Research has obtained results that bullying can be prevented. It is created a ‘package for the prevention of youth violence and associated risk behaviours’ that intended to impact individual behaviours, as well as relationship, family, school, the community and the social factors that influence the risk and protection factors of violence.

The strategies are designed to work together and be used in combination to prevent

violence. These approaches, particularly are aimed at strengthen the skills of young people and modify the physical and social environment, have shown to reduce violence and harassment.

  • Promote family environments that support healthy development: parenting skills and family relationship programs.
  • Provide quality education early in life: strengthen youth’s skills
  • Mentoring programs: a school-based intervention designed for at-risk middle school students that aims to develop critical social skills, encourages academic achievement and provides positive, life-enriching experiences for the participants. 
  • Create protective community environments: modify the physical and social environment, reduce exposure to community-level risk. 
  • Building a positive school climate: create the feeling of belonging and that it is a protected environment with details that can arise from a greeting, the way a problem is resolved, or how people work together.
  • It is necessary to dedicate hours in class to learning, by teachers and students, social and emotional learning, involves teaching skills of self-awareness, self-management, social awareness, responsible decision making, and relationships management. It improves emotional well-being, self-regulation, classroom relationships, and kind and helpful behaviour among students. It reduces a range of problems like anxiety, emotional distress, and depression; reduces disruptive behaviours like conflicts, aggression, bullying, anger, and hostile attribution bias; and it improves academic achievement, creativity, and leadership.
Detection

It is important to be familiar with the symptoms that a student subject to bullying normally demonstrates in order to be able to detect this phenomenon.

  • Inexplicable injuries
  • Lost or destroyed clothing, books, electronics…
  • Frequent headaches or stomach aches, feeling sick or faking illness
  • Changes in eating habits, like suddenly skipping meals or binge eating. Kids may come home from school hungry because they did not eat breakfast.
  • Difficulty sleeping or frequent nightmares
  • Declining grades, loss of interest in schoolwork, or not wanting to go to school
  • Sudden loss of friends or avoidance of social situations
  • Feelings of helplessness or decreased self esteem
  • Self-destructive behaviours such as running away from home, harming themselves, or talking about suicide

Statistics show that only 20% of school bullying incidents were reported. It is difficult for children to tell adults the situation. Specially, students with ASD have greater barriers because they often do not have the communication skills to transmit it, and because they do not like to feel rejected by their peers and social isolated.

Intervention

When a case of bullying is suspected, when notification is made through the family or other students that bullying may be occurring, notification must be made immediately to the Counsellor and the Director.

  • Follow the school’s procedures for reporting and addressing bullying behaviour: it depends on each country or region, there are specific protocols for action.
  • Encourage the bullied student to talk about what happened.

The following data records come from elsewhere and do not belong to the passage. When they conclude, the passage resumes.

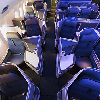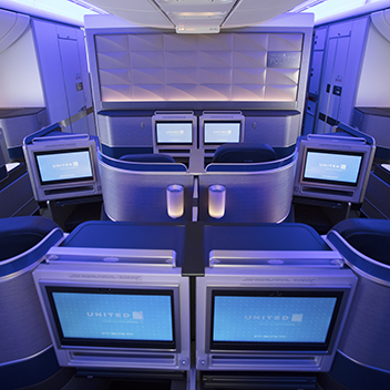 • United PolarisSM Business class: El Boeing 777-200 de United ofrece 50 asientos de clase ejecutiva United Polaris, privados y totalmente reclinables, con acceso directo al pasillo. Incluyen dos piezas de equipaje gratis, Premier Access®, pantalla de entretenimiento grande, auriculares con cancelación de ruido, puertos de carga y amplio espacio de almacenamiento. Los pasajeros reciben kits de amenidades Therabody y, en vuelos internacionales de larga distancia, acceso a salones exclusivos United Polaris.
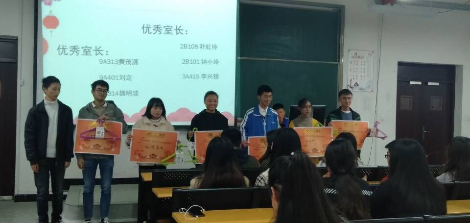 其次,进行了“温馨小窝”拍照评选活动的颁奖仪式,表彰表现优秀的寝室和寝室长,其中3B116、9A316荣获一等奖,3B110、2A116、9A409、6A405荣获二等奖,9A420、5B407、6A518、3A419、2A114、3A412荣获三等奖,黄茂源、刘定、魏明波等六名同学荣获优秀室长。
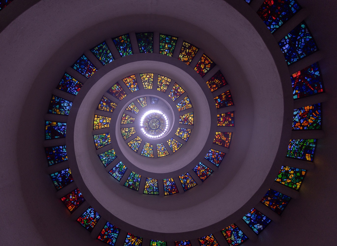 The spiral design, and the beautiful stained glass capture the “infinite upward reach of the human spirit”.

It helps to let the student know you believe them and are concerned.
  • If the student cannot verbalize what happened, use writing, playing or drawing methods.
  • Reassure the students that reporting the situation is not “tattling” on another student

Bullying is of interest to researchers and clinicians and a variety of intervention models has been proposed to reduce or prevent it. Some of these programs have focused interventions directly on the students involved (i.e., the bully/cyberbully, the victims and the bystanders), while others aim to change the broader social climate (e.g., whole school approaches). Some studies have shown more effective the whole school approach than individual programs, but both shown positive effects. 

Besides, it has been shown how the activities worked in group have improved the group cohesion, while the improvement in social aspects has contributed to reduce the number of isolated students and eliminate possible rejections, establishing ties much stronger social networks that undoubtedly manage to create a network of mutual support. For its part, the elaboration of the rules of coexistence in a cooperative way, by the students, has helped to be accepted by all of them and assumed as a group commitment

2.2. ANXIETY

When people are anxious, they usually engage in very shallow breathing which does little to oxygenate the body. People who are anxious tend to do more breath holding (they usually keep their lips closed as they breathe out; or appear tight lipped when working). Others may take short, fast breaths (this is letting carbon dioxide out but not much oxygen in). This does not help the body or mind to feel calm and relaxed. 


Guidelines for managing anxiety especially when the student is afraid of certain contexts, subjects or situations

Below we specify some guidelines to be able to deal with anxiety, it is not necessary to wait for overwhelming situations to occur in which it is difficult to handle anxiety or stress, sometimes it is useful to anticipate those situations that by observation we have appreciated that they can generate anxiety situations. That is why it is important to teach and practice relaxation skills:

  • Controlled breathing: teach and model-controlled breathing (4 seconds of inhalations through the mouth and 7 seconds of exhalations). Ask the child to sit or lie down and issue the following instructions to them:

    • Place one hand high up on your chest and the other lower down just above your belly button/around your diaphragm. 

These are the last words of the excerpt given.